====== EXERCISE INPUTS

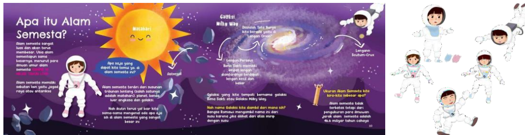
Gambar 2. Key visual

Key Visual yang ditampilkan adalah warna yang digunakan seperti biru, ungu, dan hitam. Warna ini akan muncul hampir di setiap halaman, karena warna ini merupakan gambaran luar angkasa yang indah. Maskot juga menjadi salah satu key visual, yang akan muncul di setiap halaman yang berfungsi untuk memberikan informasi atau fun fact tentang pembahasan yang dibahas setiap halaman dan gimmick .
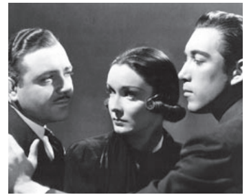
1938 DANGEREUX À CONNAÎTRE (Dangerous to know) de R. Florey avec A. Tamiroff, Gail Patrick
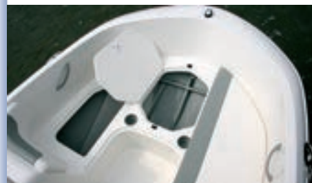
Casco interior reforzado.
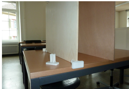
Kunststoffhalterung, hergestellt mit dem 3-D-Drucker

Dank grosszügiger Unterstützung durch die Geberit Productions AG hat das BWZ nun einen 3-D-Drucker.

============

- _THE TASK_
The data above must be written out again word for word, without its pictures.

- _ANSWER TO THIS PROBLEM_
Gambar 2. Key visual

Key Visual yang ditampilkan adalah warna yang digunakan seperti biru, ungu, dan hitam. Warna ini akan muncul hampir di setiap halaman, karena warna ini merupakan gambaran luar angkasa yang indah. Maskot juga menjadi salah satu key visual, yang akan muncul di setiap halaman yang berfungsi untuk memberikan informasi atau fun fact tentang pembahasan yang dibahas setiap halaman dan gimmick .
1938 DANGEREUX À CONNAÎTRE (Dangerous to know) de R. Florey avec A. Tamiroff, Gail Patrick
Casco interior reforzado.
Kunststoffhalterung, hergestellt mit dem 3-D-Drucker

Dank grosszügiger Unterstützung durch die Geberit Productions AG hat das BWZ nun einen 3-D-Drucker.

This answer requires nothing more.